Records provided:
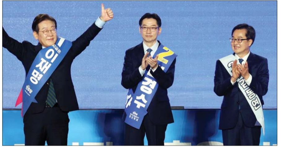
지난 19일 더불어민주당 대선 경선 후보들이 충북 청주시 서원구 청주체육관에서 열린 제21대 대통령선거 후보자 선출을 위한 충청권 합동연설회에서 지지자들에게 인사하고 있다. (왼쪽부터) 이재명, 김경수, 김동연 후보.

안철수 후보는 “다음 정부에서는 보건복지부를 두 개의 부서로 나눠 보건부와 질병관리청을 하나의 부서로 합치고, 나머지 부분은 복지부와 여성가족부를 포함해 새 부서를 신설해야 한다”면서 “해당 부서 내에 청년부를 신설해 (연금 문제를 비롯한) 청년 문제를
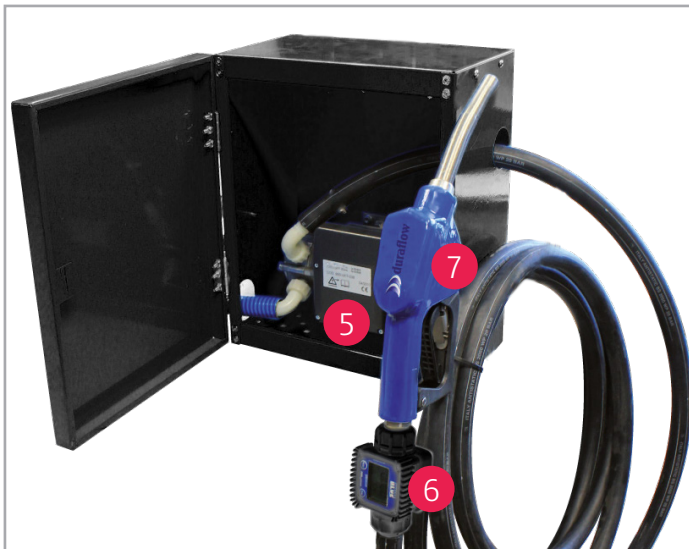
Wandpumpe in abschließbarem Metallschrank
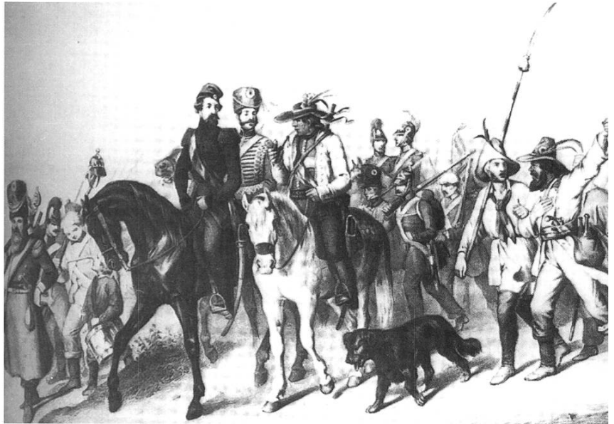
Rückzug der Republikaner im Juli 1849.
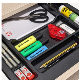
Utensilienauszug für Büromaterialien
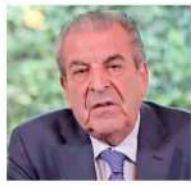
Eduardo Frei EXPRESIDENTE DE CHILE

EL PAÍS, 4 DE NOVIEMBRE "Estoy por el rechazo porque no veo que esta propuesta constitucional nos ayude a cohesionarnos como chilenos, como sociedad. Es un texto que, a pesar de todo lo que hizo la Comisión de Expertos en favor de lograr un consenso, fue desarticulado en la etapa final por el Consejo Constitucional".
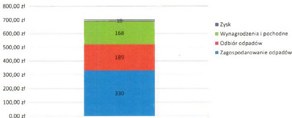
Wykres 3. Struktura kosztów odbioru i zagospodarowania 1 Mg odpadów (zł) (dane uzyskane od Wykonawcy)
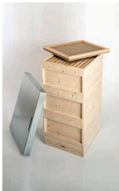
Metalldeckel und Komplettbeute Fichte
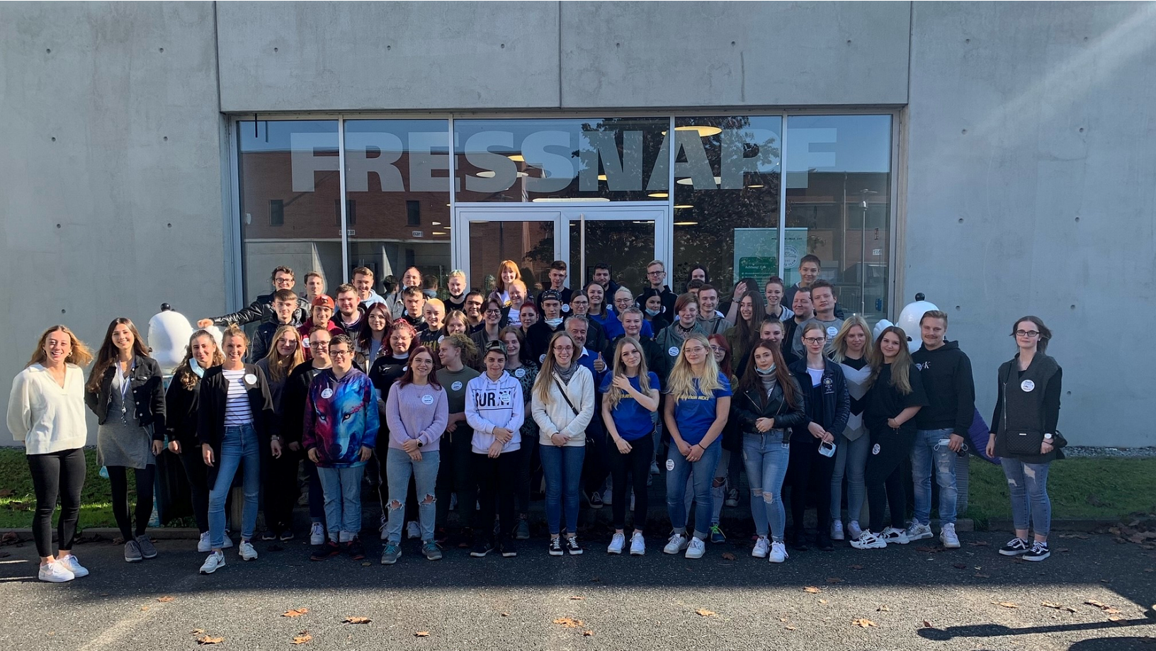
Frisch getestet und gut gelaunt: Fressnapf-Azubis freuen sich auf ihre neuen Aufgaben im Unternehmen.

Problem details:
Retype each line of the listing above word for word. Exclude the pictures.

Task response:
지난 19일 더불어민주당 대선 경선 후보들이 충북 청주시 서원구 청주체육관에서 열린 제21대 대통령선거 후보자 선출을 위한 충청권 합동연설회에서 지지자들에게 인사하고 있다. (왼쪽부터) 이재명, 김경수, 김동연 후보.

안철수 후보는 “다음 정부에서는 보건복지부를 두 개의 부서로 나눠 보건부와 질병관리청을 하나의 부서로 합치고, 나머지 부분은 복지부와 여성가족부를 포함해 새 부서를 신설해야 한다”면서 “해당 부서 내에 청년부를 신설해 (연금 문제를 비롯한) 청년 문제를
Wandpumpe in abschließbarem Metallschrank
Rückzug der Republikaner im Juli 1849.
Utensilienauszug für Büromaterialien
Eduardo Frei EXPRESIDENTE DE CHILE

EL PAÍS, 4 DE NOVIEMBRE "Estoy por el rechazo porque no veo que esta propuesta constitucional nos ayude a cohesionarnos como chilenos, como sociedad. Es un texto que, a pesar de todo lo que hizo la Comisión de Expertos en favor de lograr un consenso, fue desarticulado en la etapa final por el Consejo Constitucional".
Wykres 3. Struktura kosztów odbioru i zagospodarowania 1 Mg odpadów (zł) (dane uzyskane od Wykonawcy)
Metalldeckel und Komplettbeute Fichte
Frisch getestet und gut gelaunt: Fressnapf-Azubis freuen sich auf ihre neuen Aufgaben im Unternehmen.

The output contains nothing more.